/---
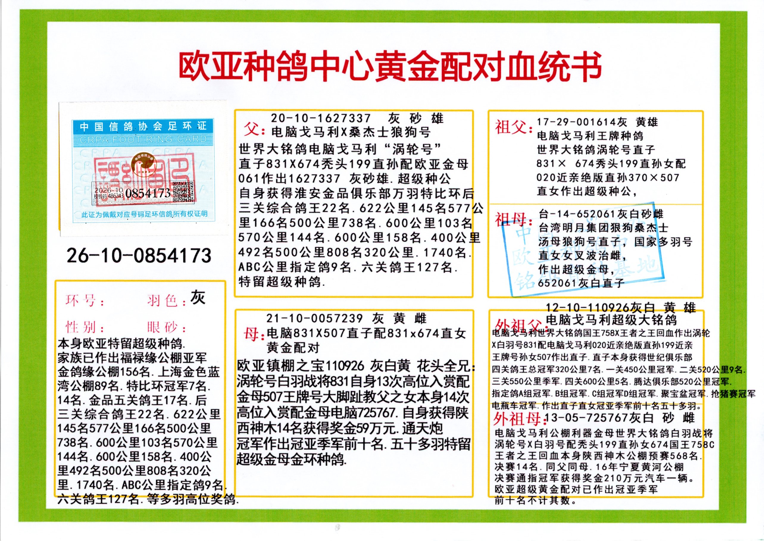 24年秋南京特比环欧亚荣获大团体冠军.小团体冠军551公里大特比13名.14名.16名.19名.20名.21名.24名.26名.27名.28名.42名.52名.54名.57名.65名.66名.68名.70名.71名.72名.74名.76名.80名.82名.83名.84名.85名.86名.90名.92名.110名.116名.121名.122名.128名.131名.158名.161名.164名.165名.166名.172名.174名.177名.182名.195名.196名.201名.205名.208名.210名.216名.253名.269名.275名.276名.294名.296名.299名,,24年秋云南天南铜都公棚决赛415名.天南铜都小棚决赛409名.云南玉活公棚决赛102名.490名.团体32名上笼二羽进二羽,天南铜都大棚506公里决赛445名。热烈祝贺河北省巨鹿县李兰生老师用欧亚泰山号血系连续十一年夺冠军,河北省国家赛冠军.全国季军等多次前十名高位,扬州王军王总用欧亚利奥24年春季获山东翔宇公棚决赛33名盖比53名。南京刘正龙刘总用欧亚盖比获得24年秋山东潍坊国际公棚决赛42名.精英赛30名.三关鸽王71名.决赛86名.加站赛16名.南京市特比环A组鸽王9名.B组鸽王5名.6名.C组鸽王5名.精英赛冠军4名.技能赛A组冠军4名.5名.秦淮区特比环荣获15名.46名.48名.87名。四川西昌徐亮徐总用欧亚利奥获得凉山州聚友决赛177名.第二关亚军双关鸽王19名.三关鸽王105名.云南豪庭公棚决赛603名。热烈祝贺24年四川重庆翔园鸽舍用欧亚泰山号荣获春季400公里冠军.秋季500公里冠军,河北王总用詹森X利奥获得千羽千翔公棚400公里冠军,广东蔡楷焕荣获24年秋爱好者 赛鸽俱乐部三关鸽王季军.一关420公里99名.二关450公里11名.三关520公里32名.单关季军.7名.12名,江西李卫兴荣获贵州红枫公棚8名.共翔俱乐部寄养棚四关综合鸽王30名.一关400公里78名.二关500公里55名.三关520公里37名.四关500公里57名.同父母获公棚18名.雷鸣获得武汉黄浦育翔中心冠军,四川陈文获得四川明鸿俱乐部300公里梦幻2名.3名.4名.9名.10名.13名.14名.15名.31名.34名.40名.41名.42名.43名.69名.71名.72名.73名.74名.94名.95名.97名.98名.99名.419公里决赛荣获总冠军7名.总共归巢9羽,四川徐亮获豪庭决赛603名,山西郑勇获得山西泰鑫公棚决赛255名詹森红狐,热烈祝贺马总获得开尔(飞跃队)决赛9名获奖金1310000万元.第一关52名,天津津福资赛180公里96名.获奖金429543万元,欧亚支持全国鸽友24年秋多人报喜 祝大家取得更好成绩,给欧亚报喜鸽友欧亚决定给每人赠送一羽超级种鸽。欧亚俱乐部特比环多关鸽王成绩:15年秋淮安特比环黑色星期一全会上笼9700多羽,当天无鸽归巢,第二天全会归巢357羽,本舍归巢158羽.前十名八羽.前一百名归巢57羽,16年春季获五关鸽王总冠军,总亚军四名.六名.七名.九名.十名.晶艺俱乐部520公里冠亚季军5名.6名.7名.9名.11名等,火车头冠军.季军6名.8名.9名.10名,16年秋晶艺俱乐部特比环520公里亚军.季军4名.6名.7名.9名,15年春南京白下特比环冠军.亚军.季军6名.7名.8名.9名.10名.指定鸽A B组获得冠军.亚军.季军4名.5名.,17年淮安特比环亚军.4名.5名.7名.8名.10名.六关鸽王总冠军.4名.6名.9名.10名,寄养棚宿迁刘总20羽特比环获冠军.季军.4名.7名.8名.9名等。18年荣获万羽特比环六关鸽王总冠军.总亚军.总季军.6名.8名.十名.单关四羽冠军.二羽亚军.四羽季军.前十名27羽。19年秋万羽特比环六关鸽王总亚军.总季军.5名.8名等,单关二羽冠军.三羽亚军.一羽季军前十名31羽。20年秋淮安市鸽会四关特比环大赛风雨无阻鸽王亚军.鸽王六名,金品俱乐部万羽特比环六关鸽王总冠军,总亚军.四名.五名.六名.七名.八名.十名.前二百名鸽王35羽,单关冠亚季军前十名四十多羽,火车头五关鸽王季军.六名.八名.前二百名鸽王十七羽。20年春荣获淮安五区一市四关鸽王总冠军.亚军.四名.八名.九名。21年秋荣获金品万羽特比环大赛六关鸽王总亚军.总季军.四名.七名.九名.十名.单关冠亚军季军前十名三十多羽。火车头协会鸽王六名.七名.十名.单关前十名十七羽。22年秋荣获鸽王总冠军.总亚军.5名.7名.8名.9名.11名.单关冠亚季军前十名三十多羽,第一关单关前二百名四十多羽,第二关前二百名三十多羽,第三关前二百名四十多羽,第四关前二百名四十多羽,第五关前一百名53羽。23年秋荣获鸽王季军.五名.八名.十名.13名.17名.20名.27名等多羽鸽王.单关前十名二十多羽。公棚.寄养棚部分成绩:16年秋宁夏黄河公棚总冠军电脑戈马力指定通炮冠军,17年送八羽参赛获得鸽王八名进奖四名,支持韩总荣获八名。支持鸽友荣获宁夏中卫公棚决赛总冠军.精英赛冠军,支持18年宁夏黄河公棚决赛冠军詹森X泰山。安徽鼎博寄养棚院内外四关鸽王总冠军.鸽王十七名.三十七名同窝,鸽王39名.42名.58名.67名。18年山东公棚预赛冠军.决赛65名.送八羽进奖五羽.指定获奔驰汽车一辆。支持鸽友获得云南蓝云公棚冠军.盖比X佛卡门。支持鸽友荣获云南银集公棚决赛冠军 詹森427X520血系 速度赛6700羽冠军。17年荣获金马俱乐部寄养棚四关鸽王总冠军.季军.六名.八名.第一关冠军.亚军.季军四名.七名.十一名.金牌教练奖。支持鸽友18年北京费翔公棚预赛九名电脑X桑杰士,支持鸽友荣获陕西威力公棚决赛11名.内蒙古临河寄养棚四关鸽王六名.詹森配泰山,支持河北王总用欧亚詹森427配胡本喜获20年秋开尔青年棚季军。云南东荣公棚16年预赛冠军.决赛77名.17年决赛12名.詹森红狐X泰山,17年平安公棚决赛4名 詹森427。欧亚获得21年金母寄养棚第一关四名.第二关5名.第三关5名.6名.7名.10名.三关鸽王总冠军,四关鸽王14名.十羽鸽王。支持河
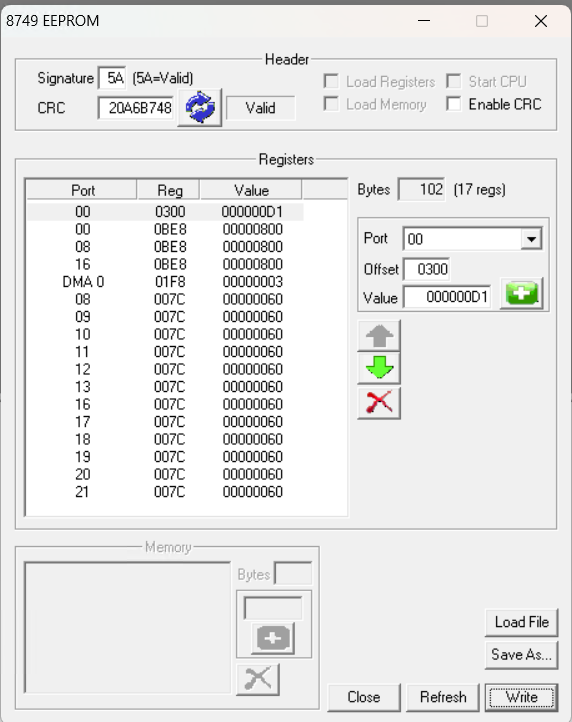 I have attempted modifying the EEPROM of the PEX8749 In order to get x4 x4 x4 x4 x4 x4 x4 x4 : Port 00 Offset 300h Value 00000121
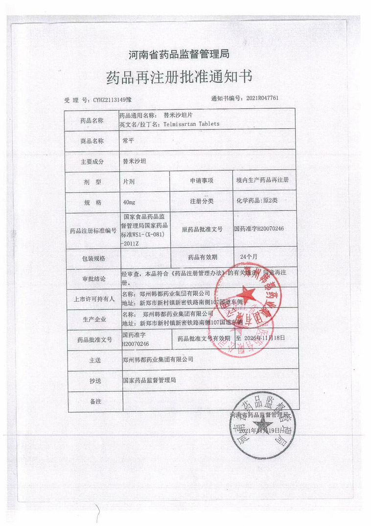 替米沙坦片鄭州韓都藥
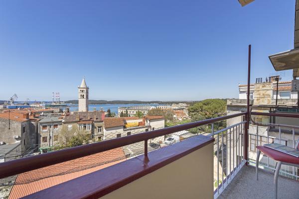 Apartman se nalazi u mirnoj ulici, udaljen je 1 minutu hoda do Amfiteatra i 5 minuta hoda do samog centra, gdje usput možete razgledati Dvojna vrata, Arheološki muzej, Zlatna vrata, Augustov hram, gradsku tržnicu iz Austrougarskog doba i sve to možete obaviti bez korištenja prijevoza. Apartman jei na 4 katu sa prekrasnim pogledom na more, amfiteatar, kaštel, svjetleće dizalice uglavnom iz stana pruža se spektakularan pogled na čitavu Pulu. Apartman je na novo uređen, nalazi se u stambenoj zgradi sa dvorištem koji ima parkirno mjesto. Pogodan je za 2 osobe, sastoji se od jedne spavaće sobe sa bračnim krevetom za dvije osobe, dnevnim boravkom, kuhinju, TV, klimu, wi-fi internet, kupaonica sa tušem, perilica rublja. Vlasnik ne živi u kući.
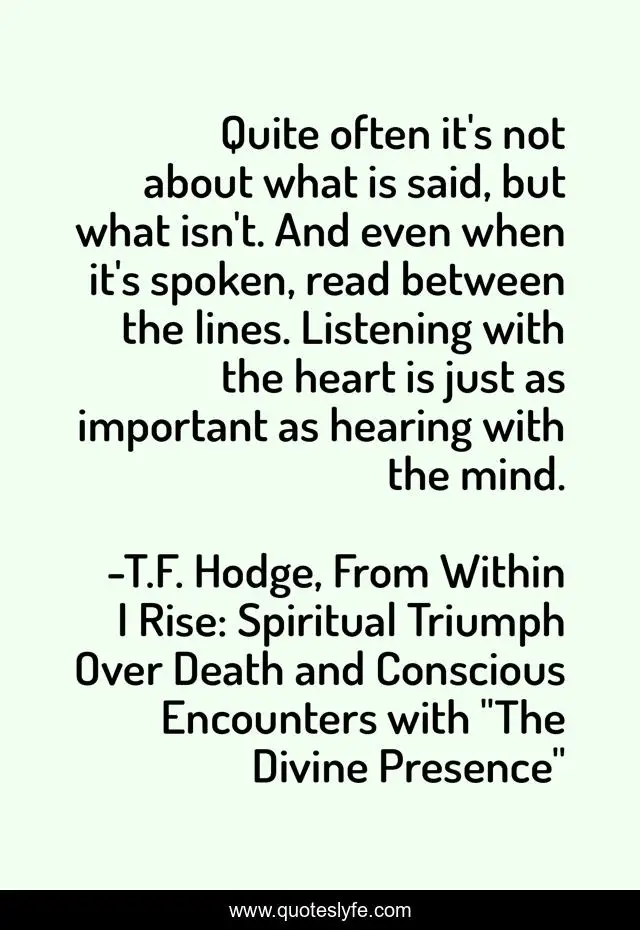 This page presents the quote "Quite often it's not about what is said, but what isn't. And even when it's spoken, read between the lines. Listening with the heart is just as important as hearing with the mind.". Author of this quote is T.F. Hodge, From Within I Rise: Spiritual Triumph Over Death and Conscious Encounters with "The Divine Presence". This quote is about heart, perception, attention, mind, focus, hearing, silence, listening, speaking,.
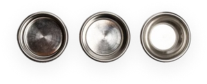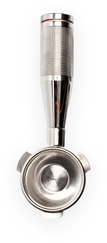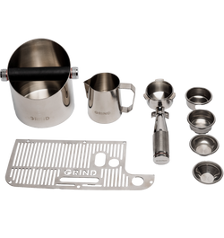 Premium bespoke accessories, including a polished stainless steel portafilter, knock box, and milk jug.
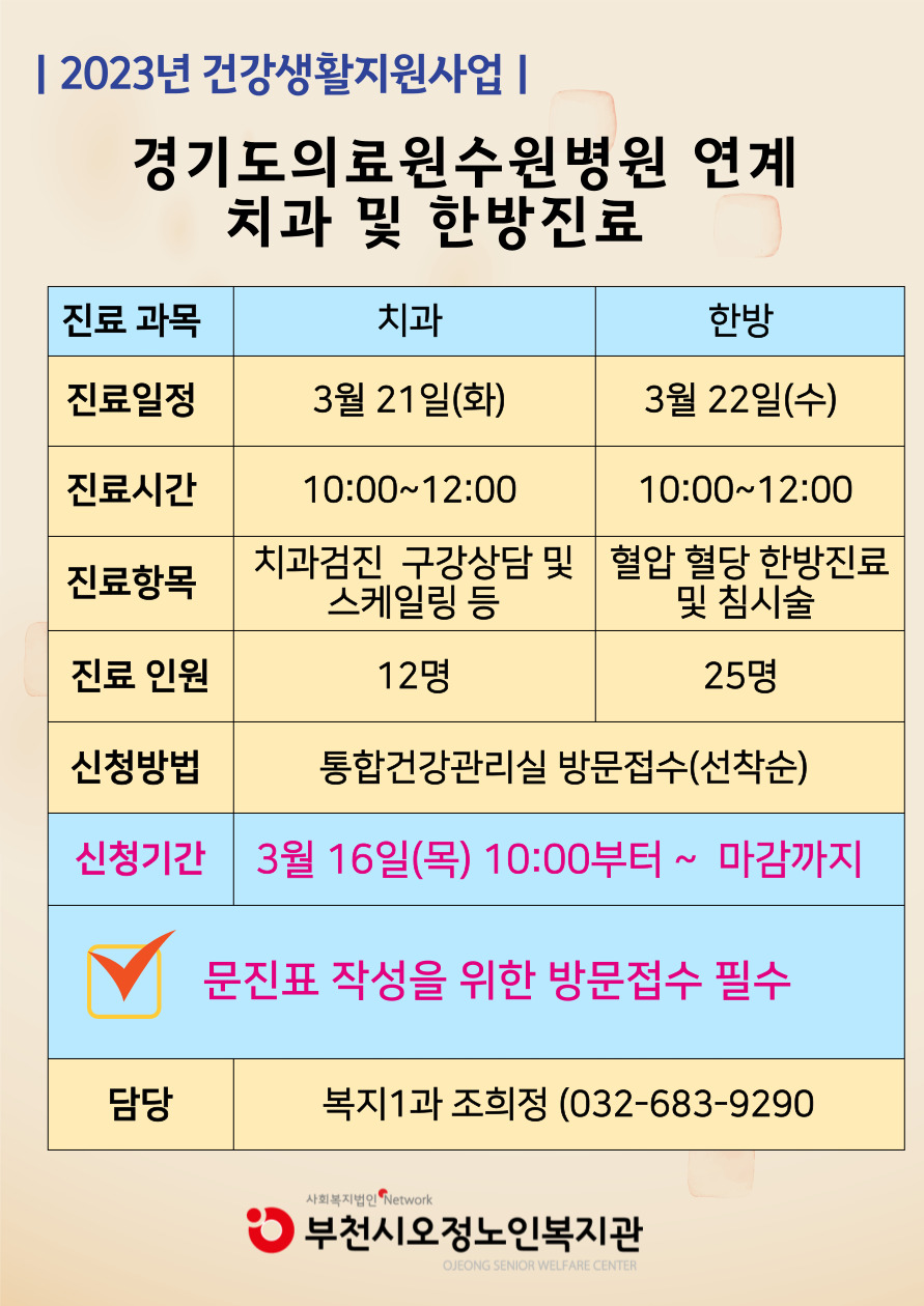 2023년 경기도의료원수원병원 연계 치과 및 한방 진료
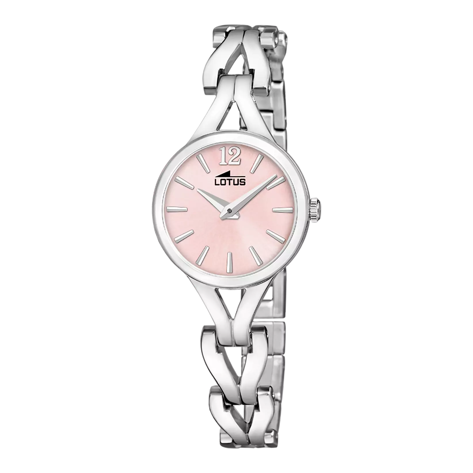 • La Lotus Old Money 19022/2 enchante avec son cadran rose clair délicat et son boîtier rond en acier inoxydable. Son bracelet en acier laqué accentue sa féminité et son élégance. La collection Old Money incarne un style soigné et intemporel, conçu pour durer.
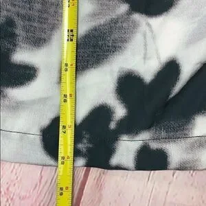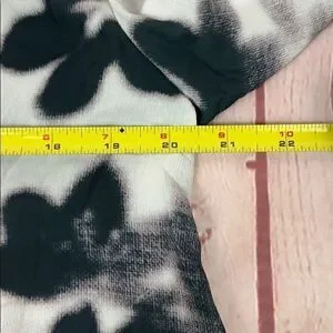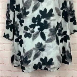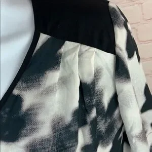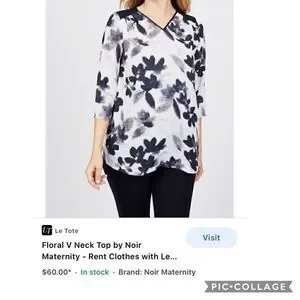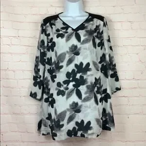 Noir maternity for Le Tote – V-neck, semi sheer abstract floral, three-quarter sleeve, black & cream tunic top in women’s size medium.
\---
Exercise: Without any pictures, restate word for word only the lines from the one with "conçu pour durer." through the end of the listing.

Your response:
 • La Lotus Old Money 19022/2 enchante avec son cadran rose clair délicat et son boîtier rond en acier inoxydable. Son bracelet en acier laqué accentue sa féminité et son élégance. La collection Old Money incarne un style soigné et intemporel, conçu pour durer.
 Noir maternity for Le Tote – V-neck, semi sheer abstract floral, three-quarter sleeve, black & cream tunic top in women’s size medium.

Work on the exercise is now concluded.